Beyond time tracking, you can visualise progress by having an overview of your subject or syllabus. For example, the retrospective revision timetable allows you to see a colour coded overview of your confidence across all the topics in your course. You can also see at a glance when you last revised the topic and how often. This again, holds you accountable by showing you areas that need improving and acknowledging your strengths. This can reduce stress by encouraging you to work on those areas of concern. Likewise, you might feel less stressed knowing you have a thorough plan at hand. Instead of holding everything in mind, you know everything is accounted for in one timetable, checklist or plan. Even if you’ve had a bad day, you have a grounding point that is realistic and tangible, highlighting where you’re at and what needs doing.

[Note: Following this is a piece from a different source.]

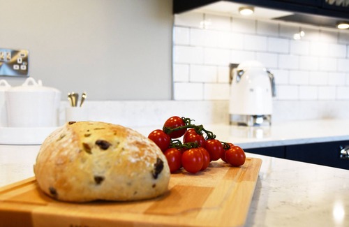 Amenities: Central heating with electric fireplace. Gas oven, gas hob, microwave, fridge, freezer, washing machine, dishwasher, kettle, toaster. Smart TV, WiFi. Bed linen and towels inc. in rent. Travel cot available. Off-road parking for 3 cars with EV charging port for an additional cost. Enclosed garden with patio, furniture and barbecue. One well behaved dog welcome. Sorry, no smoking. Shop 0.8 miles, pub 0.3 miles. Note: If you wish to bring a dog it must be mentioned at the time of booking. Note: If you wish the super-king-sizes to be made up as twin please let us know

The Power of Accountability and Self-Care
Have an accountability partner. Truth is, it can be hard to keep ourselves in check all the time. We might have our goals and means of progress tracking but sometimes, we need some external accountability. This is where having someone else who checks in and holds you accountable regularly can help to keep you on track. You might share daily or weekly study goals and reflect at the end on your progress. Someone else might be able to point out areas of improvement. These checkpoints can mean you make adjustments sooner rather than later. Your accountability partner could be a friend, family member, coursemate or someone in an online community. Nowadays, there are large online study communities that allow you to work towards a shared vision. A study found social media, when used to facilitate learning, can reduce students' stress levels during exam season.
Engage in self-care. To better manage our levels of stress, improve our focus and work to the best of our ability - we need to take care of ourselves. Real self-care is recognising that you're more than simply a learning machine and need rest. Self-care is a necessity for your well-being each day and not something that needs to be earned. These well-being focused habits can act as a buffer when you feel stressed and overwhelmed. This might be taking a walk, having a snack, making sure to stay hydrated, sharing worries with friends, or planning something fun in the week. Identify the things that make you feel energised and well-rested. This way, you’re less likely to encounter burnout and will come back to revision sessions feeling recharged. If you’re short on time, even small moments of quiet, a power nap or a short walk can make all the difference too.